Mr. Fleck sprang up and crossed to the big safe. Opening an inner drawer
he took out a small metal disk and handed it to her. Jane looked at it
curiously. It bore no wording save the inscription "K-19."

"That," said Mr. Fleck, "is the only thing I can give you in the way of
credentials. Keep it somewhere safely concealed about your clothing and
never exhibit it except in case of extreme necessity. If ever you are in
peril any police officer will recognize it at once and will promptly
give you all the assistance possible."

"But," protested the girl, "I don't know yet what I am to do."

"For the present I am trusting to your resourcefulness to make
opportunities to help us. We are watching the house closely from the
outside. Carter will identify you to the other operatives. Once a day I
will expect you to call me up, not from your home but from a public
'phone. Here is my number. Say 'this is Miss Jones speaking,' and I will
know who it is. I can communicate with you by note without arousing
suspicion?"

"Oh, yes, certainly."

"If at any time I have to call you on the 'phone, or if any of the other
operatives want to communicate with you the password will be 'I am
speaking for Miss Jones.'"

"Isn't that exciting--a secret password," cried Jane enthusiastically.

"If you can manage it without compromising yourself too seriously, I
wish you would make the young man's acquaintance."

"That will be simple," said Jane, remembering the admiring way in which
he had raised his cup in her direction as she left the hotel.
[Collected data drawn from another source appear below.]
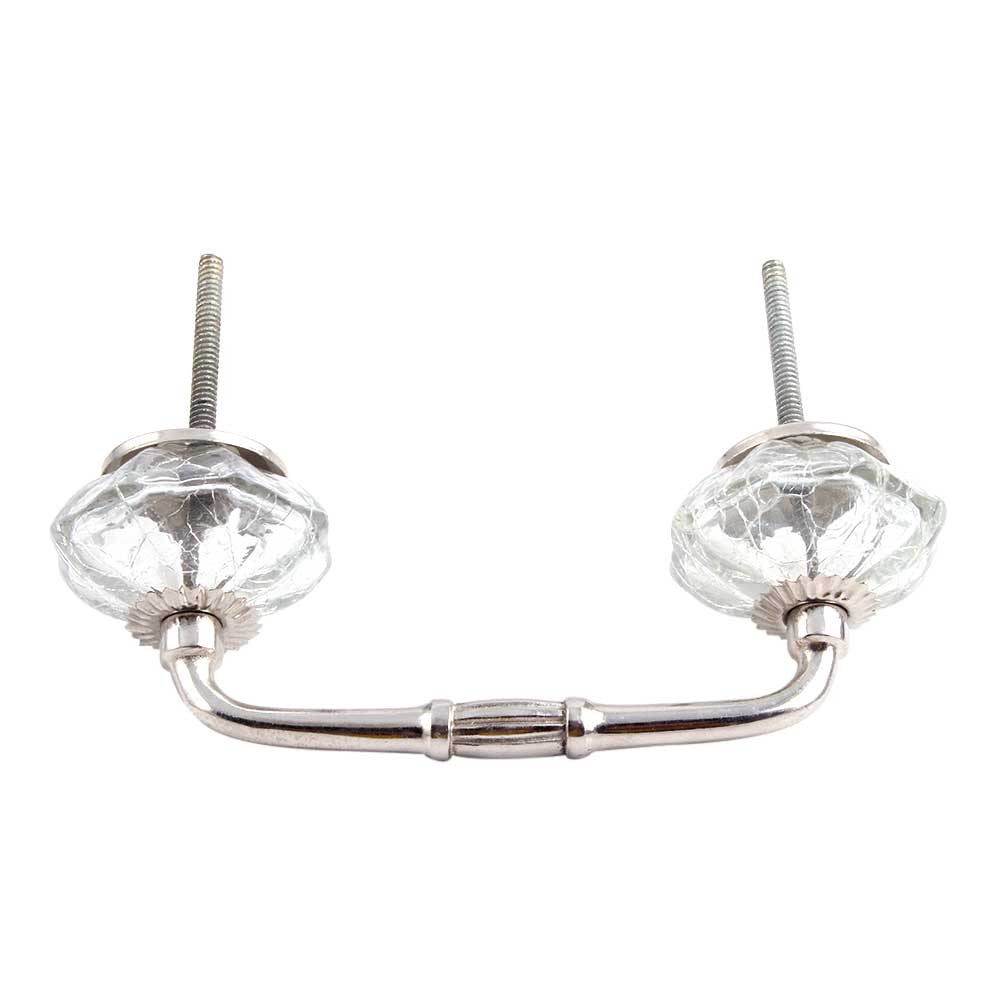 Clear Crackle Glass Bridge Handle. Ideal for Drawer, Dresser, Cabinet, Wardrobe, Cupboard and Almirah etc.
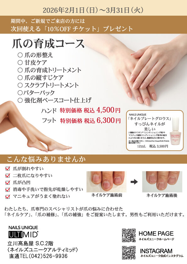 Campaign ネイルズユニークの期間限定キャンペーン 立川高島屋 2月・3月キャンペーン 2026.02.01 Sun 03.31 Tue 立川髙島屋店、2月・3月の期間中ご新規でご来店の方には次回使える「10%OFFチケット」プレゼント!≪爪の育成コース≫・爪の形整え ・甘皮ケ・爪の育成トリートメント ・爪の縦すじケア・スクラブトリートメント ・バターパック・強化剤ベースコートハンド 特別価格 税込 4,500円 / フット 特別価格 税込 6,300円また、爪のお悩み別アイテムも取り揃えております。みなさまのご来店を心よりお待ち致しております。 開催店舗はこちら 全店共通イベント・キャンペーン一覧へ
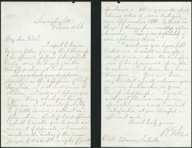 At the time this letter was written, Lee was serving as president of Washington College, which was later renamed Washington and Lee University. Shortly after the war ended he began to attempt to gather sources that would allow him to write his memoirs. After 1866 he largely put the project aside and never did advance it very far before he died in 1870. This letter, written to the former chief of staff of Lee's most senior subordinate in the Army of Northern Virginia, 1st Corps Commander Lt. Gen. James Longstreet, is an example of Lee's efforts to obtain records that would assist in this effort.
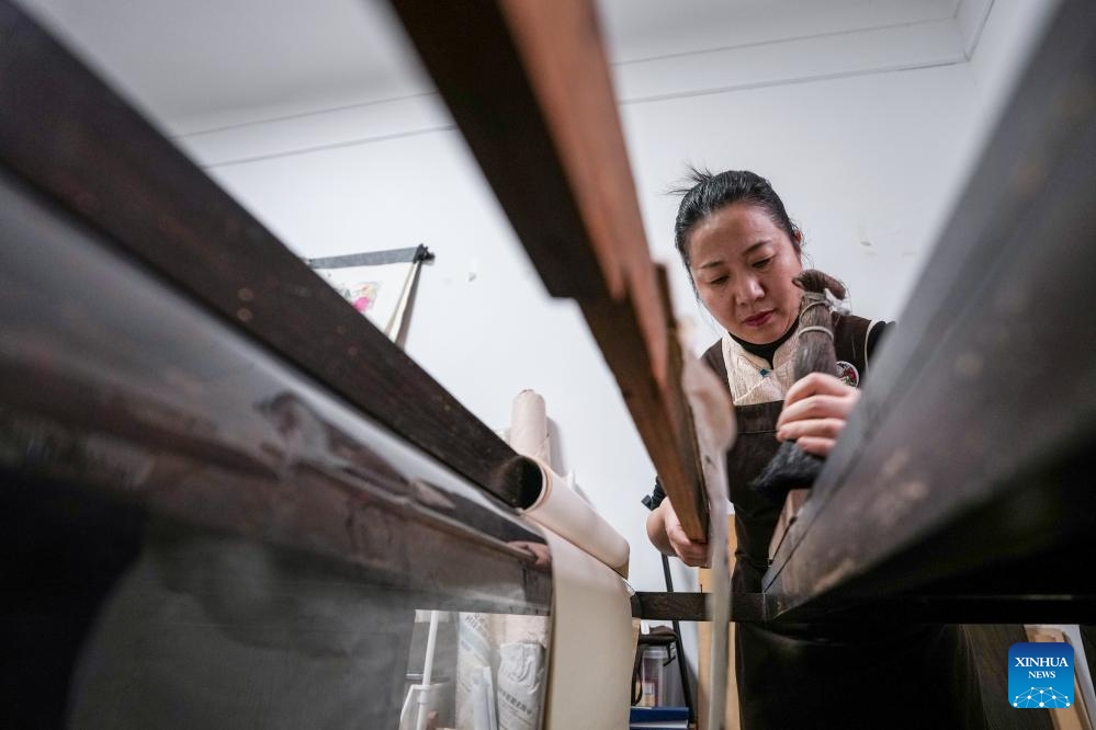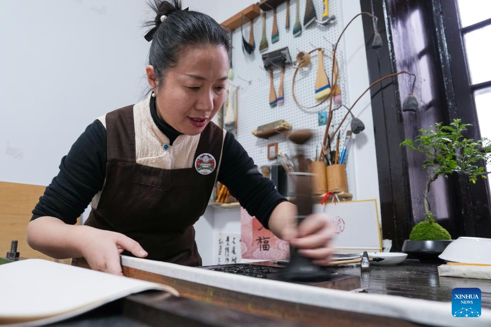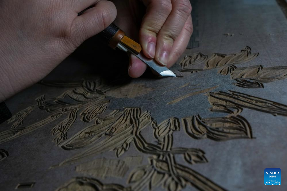 Qiao Lanrong, an inheritor of Taohuawu woodblock New Year prints, makes a woodblock for New Year prints at her studio in Suzhou, east China's Jiangsu Province, Feb. 5, 2026.

"If possible find out who their visitors are in the apartment and keep
your eyes open for any sort of signalling to the transports. If ever
there is an opportunity to get hold of notes or mail delivered to either
of them, don't hesitate to steam it open and copy it."

"Must I?" said Jane. "That hardly seems right or fair."
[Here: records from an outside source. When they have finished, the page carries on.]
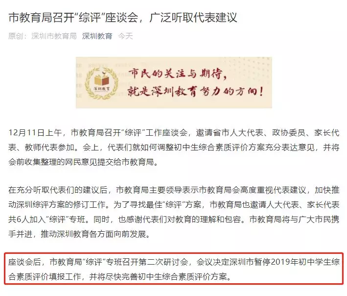 座談會后,市教育局“綜評”專班召開第二次研討會,會議決定深圳市暫停2019年初中學(xué)生綜合素質(zhì)評價(jià)填報(bào)工作,并將盡快完善初中生綜合素質(zhì)評價(jià)方案。
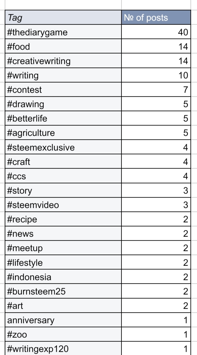 We are not limited to specific tags, we try to cover different tags to reach more authors by following the content created by different authors and the following graph represents the statistics of the different tags headed by the tags #thediarygame, #food and #creativewriting.
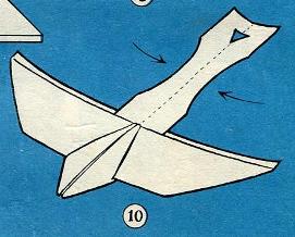 ********** 1928 As 'The Airplane', in Murray and Rigney's 'Fun with Paper Folding', published by the Fleming H Revell Company, New York in 1928. This version uses a tiny cut to create ailerons at the end of the tail.
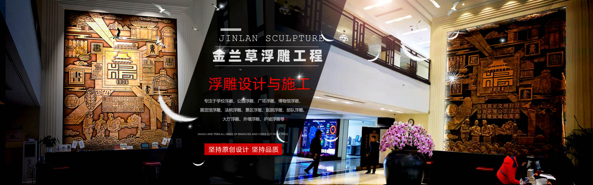 金蘭草浮雕專注于浮雕原創(chuàng)設(shè)計(jì)與定制服務(wù),精雕細(xì)琢,力求精妙絕倫,服務(wù)中高端客戶。學(xué)校浮雕、公園浮雕、廣場(chǎng)浮雕、法院浮雕、景區(qū)浮雕、軍事浮雕、醫(yī)院浮雕、博物館浮雕、展覽館浮雕、大廳浮雕、外墻浮雕、護(hù)坡浮雕。

"Of course it's right," cried Mr. Fleck warmly. "Think of the lives of
our soldiers that are at stake. The devilish ingenuity of these German
spies must be thwarted at all costs. They seem to be able to discover
every detail of our plans. Only two days ago one of our transports was
thoroughly inspected from stem to stern. Two hours later twenty-six
hundred soldiers were put aboard her on their way to France. Just by
accident, as they were about to sail, a time-bomb was discovered in the
coal bunkers, a bomb that would have sent them all to kingdom come."

"How terrible!"

"Somebody aboard is a traitor. Somebody knew when that inspection was
made. Somebody put that bomb in place afterward. That shows you the kind
of enemies we are fighting."

Jane shuddered. She was thinking of the sailing of another transport,
the one that had carried her brother to France.

"Anything seems right after that," she said simply.

"Yes," said Mr. Fleck, "there is only one effective way to fight those
spying devils. We must stop at nothing. They stop at nothing--not even
murder--to gain their ends."

"I know that," said Jane hastily. "I saw something myself you ought to
know about."

As briefly as she could she described the scene she had witnessed in the
early morning hours from her bedroom window, the man following the
younger Hoff, Hoff's discovery and pursuit of him around the corner and
of his return alone.

"And in the morning," she concluded, "they found a man's body in the
side street. He had a bullet through his heart. There was a revolver in
his hand. The newspapers said that the police and the coroner were
satisfied that it was a suicide. I caught a glimpse of Mr. Hoff's face
when he came back from around that corner. It was all convulsed with
hate, the most terrible expression I ever saw. I'm almost certain he
murdered that man. I'm sure it wasn't a suicide."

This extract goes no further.